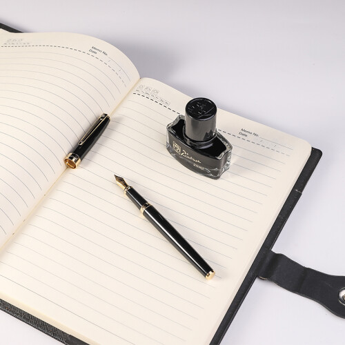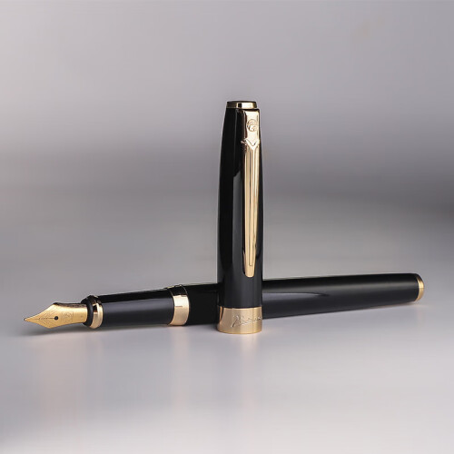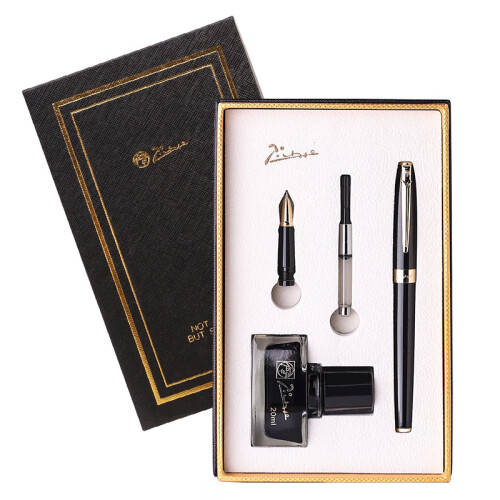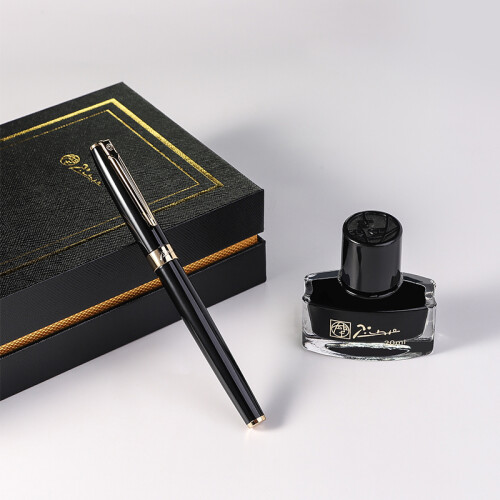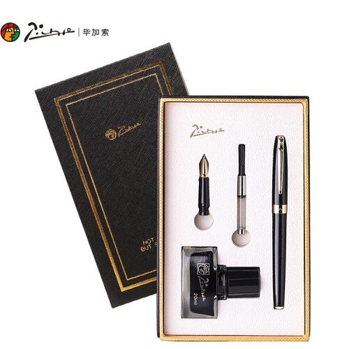 毕加索(pimio)钢笔礼盒墨水套装 签字笔双笔尖0.5mm+0.7mm男女节日礼物 学生练字笔美工笔T717亮黑金夹
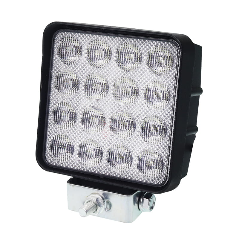 Mocna, kwadratowa lampa robocza LED o boku 107 mm, wyposażona w 16 wydajnych diod. Generuje strumień świetlny o mocy 2000 lumenów, który dzięki optyce typu SPOT tworzy skupioną wiązkę światła o dużym zasięgu. Solidna aluminiowa obudowa o grubości 55 mm zapewnia doskonałe chłodzenie, a szeroki zakres napięcia 12-36V pozwala na montaż w niemal każdym pojeździe – od aut terenowych po ciężki sprzęt budowlany.
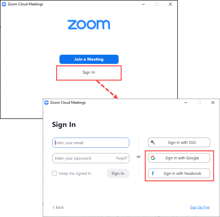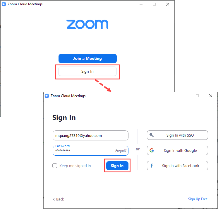 - Mở Zoom, nhấn Sign In/Sign Up Free (trên máy tính)
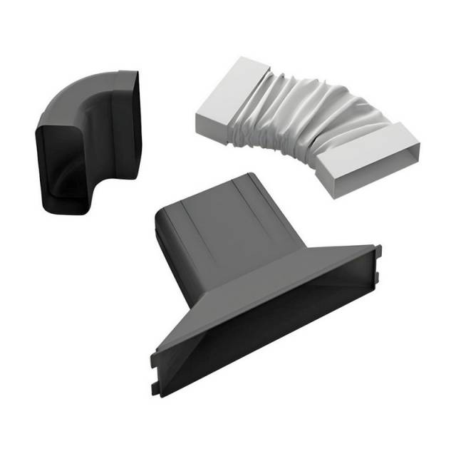 - 1 db Téglalap alakú 90°-os ív (94 x 227 mm): Segíti a légáramlás elvezetését szűk helyeken, miközben megőrzi a hatékonyságot.
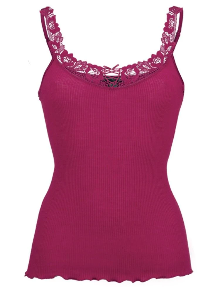 Merinowolle-Seide TRÄGER-TOP Mit Spitze Von Artimaglia
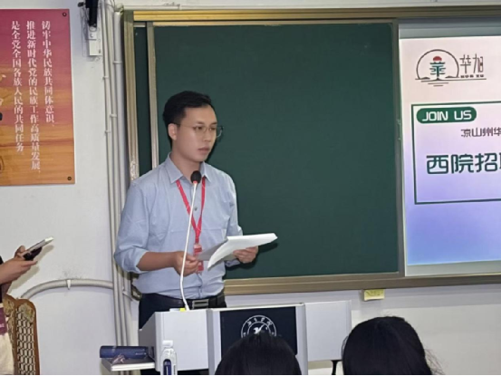 宣讲会上,华旭商业公司负责人详细介绍了公司的发展历程和业务特色。作为一家专注于教育培训领域的企业,华旭教育目前已在凉山州开设多所培训学校,业务涵盖K12教育等多个领域。并特别指出,随着公司国际教育业务的拓展,对具有扎实语言功底和跨文化交际能力的外语人才需求日益增长。她表示,英语专业学生的文学素养、商务英语专业的实务能力、翻译专业的语言转换技能,都将为公司的课程研发提供重要支持。
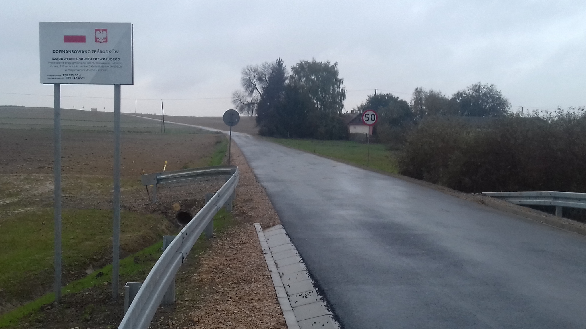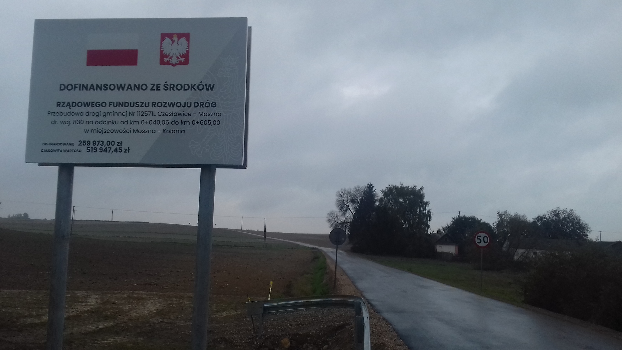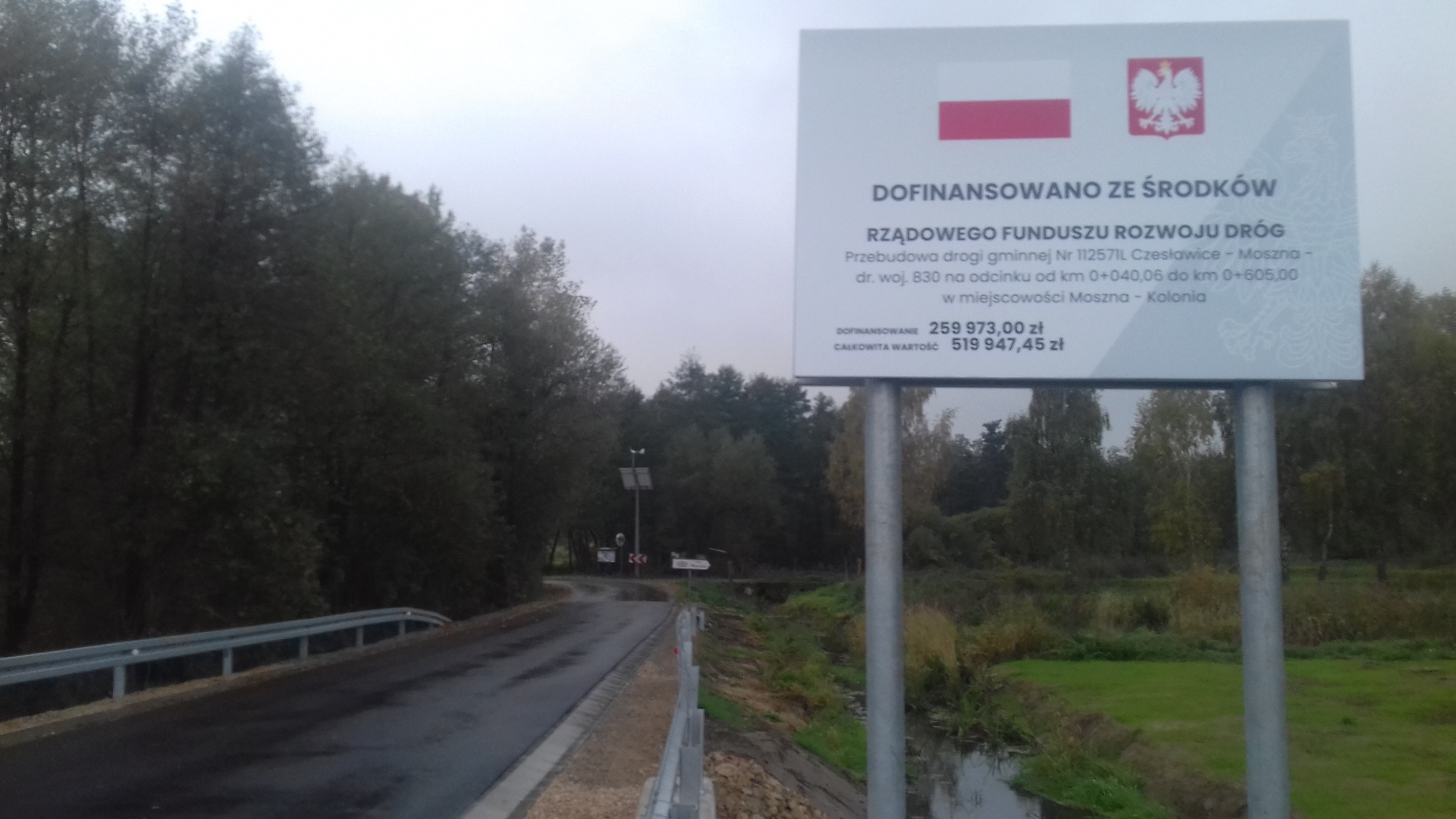 Foto Nr 3. Tablica informacyjna dla zadania pt. „Przebudowa drogi gminnej Nr 112571L Czesławice – Moszna – dr. woj. 830 na odcinku od km 0+040,06 do km 0+605,00 w miejscowości Moszna-Kolonia”.

────

■ Activity:
Above are some records; extract exactly the lines from the one containing "- 1 db Téglalap" through the one containing "Merinowolle-Seide TRÄGER-TOP Mit" and drop the pictures.

■ Exercise output:
 - 1 db Téglalap alakú 90°-os ív (94 x 227 mm): Segíti a légáramlás elvezetését szűk helyeken, miközben megőrzi a hatékonyságot.
 Merinowolle-Seide TRÄGER-TOP Mit Spitze Von Artimaglia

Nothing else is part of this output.